Malgré une opposition portée disparue depuis le début de la révolte sociale, la marge de manœuvre du président milliardaire demeure cependant étroite. «D’un côté, la gestion de la crise sanitaire offre un peu d’air à Sebastián Piñera, observe Rossana Castiglioni, chercheuse en Sciences politiques à l’université Diego-Portales. De l’autre, le président est continuellement bousculé, tant par les maires que par Izkia Siches, la présidente du Colegio médico, la corporation des médecins.» Cette praticienne de 34 ans a réussi à faire s’asseoir autour d’une table l’ensemble des partis politiques, des organisations patronales, syndicales et étudiantes, pour leur faire prendre la mesure de la menace.

À la crise sanitaire s’ajoute désormais la tempête économique. La banque centrale chilienne table sur une récession de 2,5 % en 2020. Le taux de chômage pourrait doubler et atteindre 15 %. «La classe moyenne précarisée et les plus vulnérables sont en première ligne, poursuit Rossana Castiglioni. Le travail informel concerne 2,6 millions de personnes sans contrat ni protection sociale. Les mesures de relance présentées jusqu’ici ne favorisent pas ces catégories.»

«Nouvelle normalité»


Vendredi 24 avril, Sebastián Piñera a dévoilé son plan pour une «nouvelle normalité», synonyme de réouverture progressive de l’économie. Une décision critiquée, alors que le nombre de cas confirmés de Covid-19 a connu une forte augmentation ces sept derniers jours, et que le pic de contagion est prévu courant mai. «Il y a une contradiction explicite, analyse Pamela Figueroa, politologue à l’université de Santiago du Chili. Le président répond aux demandes des élites économiques vivant là où l’épidémie paraît maîtrisée, et il met au second plan la crise sanitaire, qui commence à frapper les banlieues populaires de la capitale et plusieurs villes de notre territoire.»

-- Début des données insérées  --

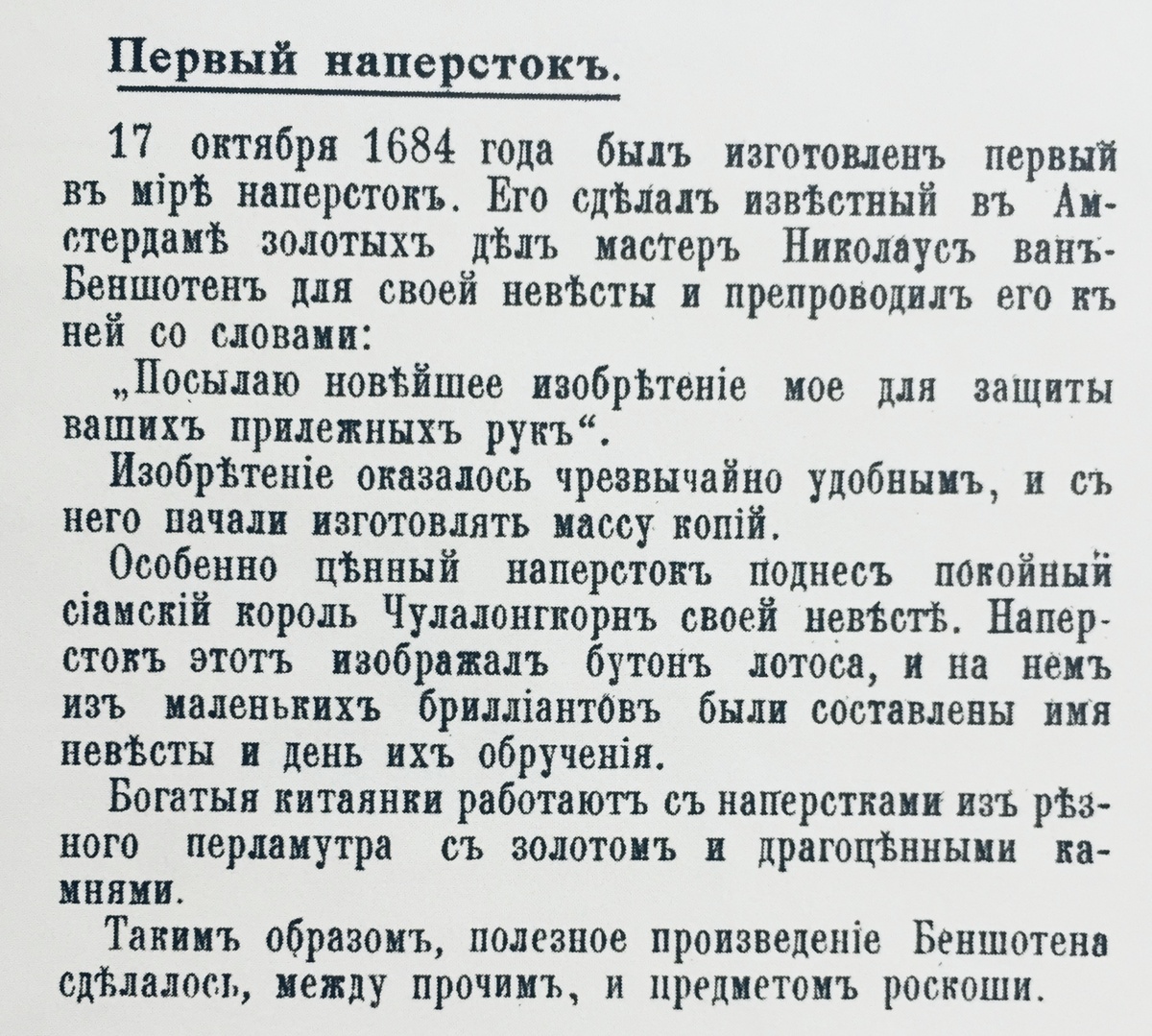 Практически во всех газетах мира на рубеже 19-20 веков упоминается некий «напёрсток королевы Сиама, усыпанный бриллиантами и другими драгоценными камнями». Вот, например, из российской дореволюционной газеты, к сожалению, датировки нет. Зато зато указано имя короля - Чулалонгкорн, он же Рама V, правил с 1 октября 1868 года по 23 октября 1910 года. У него было 4 жены, о которых что-то известно, 5 жен, о которых особо ничего неизвестно и 143 наложницы, так чей был напёрсток? В газете The Atchison Daily Globe от 31 мая 1889 года написано(последний абзац): «У королевы Сиама есть напёрсток из золота в форме бутона лотоса (лотос - королевская эмблема Сиама). Напёрсток густо украшен бриллиантами, складывающимися в имя королевы и дату ее свадьбы». То есть, на напёрстке было имя и даты. А латиницей или тайским алфавитом? Американская коллекционер и специалист по антиквариату Хелен Вейденфельд (Helen T. Weidenfeld) в своей статье от 13 июля 1913 года пишет об этом напёрстке следующее: «У кор
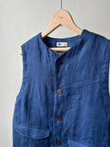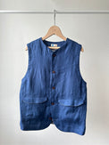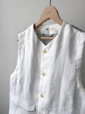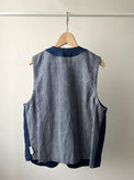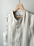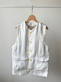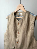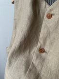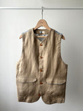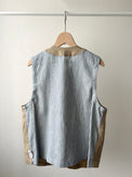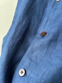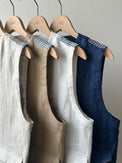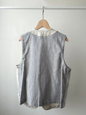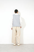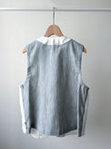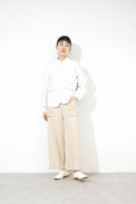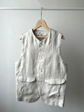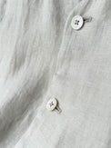 フレンチリネンを使用したリネンツイルとストライプ生地を組み合わせ、ナチュラルな風合いの中にさりげない変化を加えた一着です。軽やかで通気性の良い素材感が、季節感のある着こなしを演出します。
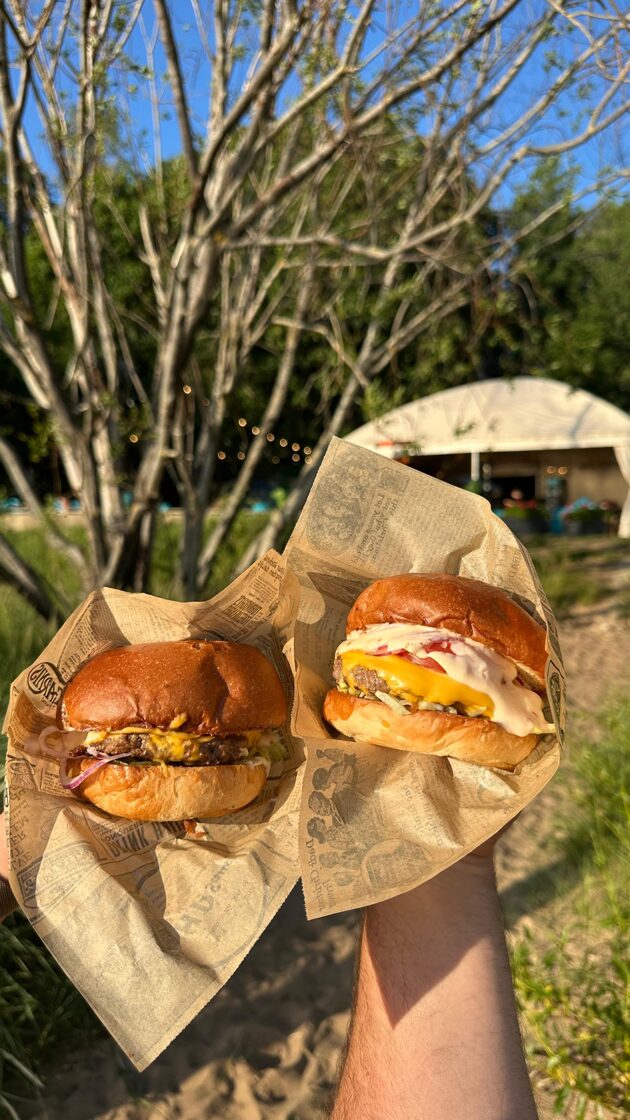 Mēs piedāvājam kvalitatīvus ēdienus – burgerus, kas cepti uz grila, svaigus salātus, jūras veltes, uzkodas un desertus. Visi ēdieni ir piemēroti baudīšanai pludmales atmosfērā, kopā ar vasarīgiem dzērieniem un labu kompāniju.
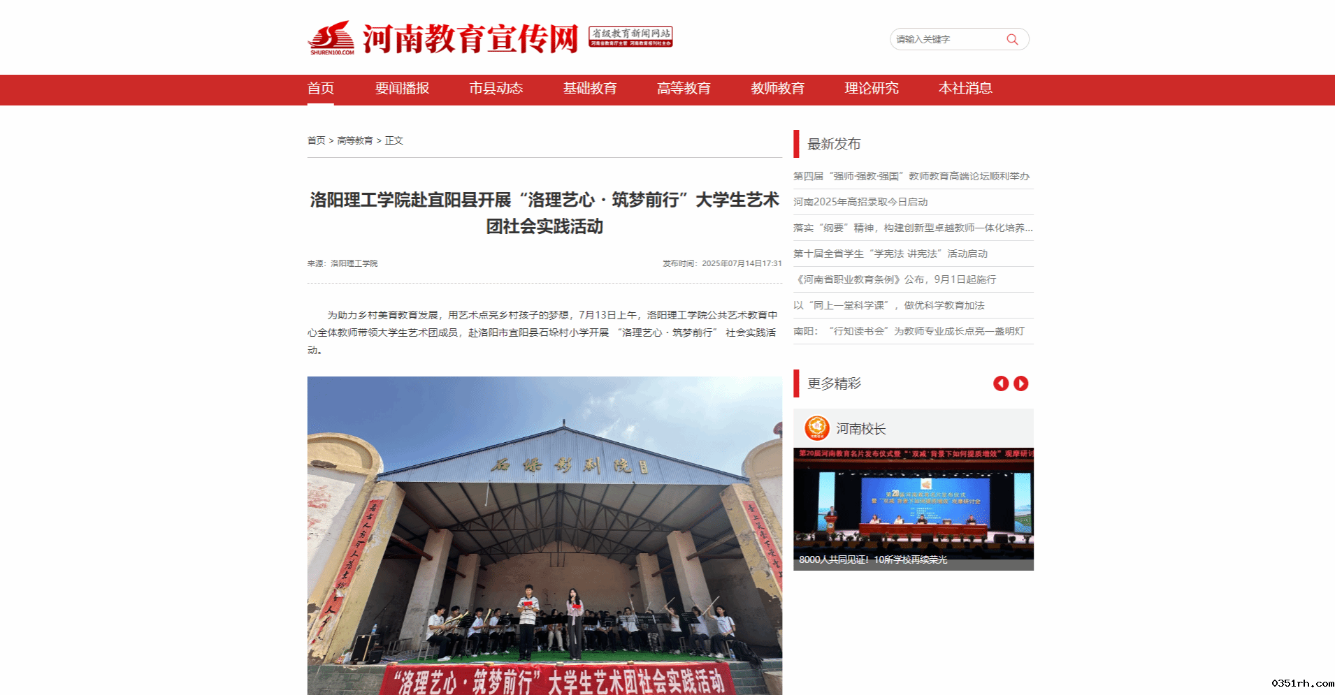 河南教育宣传网,2025年7月14日,《BETVLCTOR登录入口赴宜阳县开展“洛理艺心・筑梦前行”大学生艺术团社会实践活动》
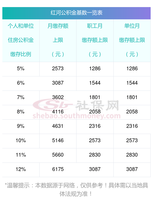二、红河住房公积金缴存基数上下限

Pour l’universitaire, le coronavirus exacerbe les inégalités sociales dans un pays où le système public de santé est sous-financé. «Sebastián Piñera donne des arguments à ceux réclamant la fin du modèle néolibéral et le retour d’un État fort. Le cap fixé jusqu’à aujourd’hui a tout pour réactiver le mouvement social une fois passé la vague de contamination», pronostique Pamela Figueroa.

Une hypothèse renforcée par une récente déclaration du chef de l’État. Sebastián Piñera a indiqué, jeudi 30 avril, ne pas exclure un nouveau report du référendum portant sur un changement de Constitution, «en fonction de l’évolution de la pandémie et de la crise sociale».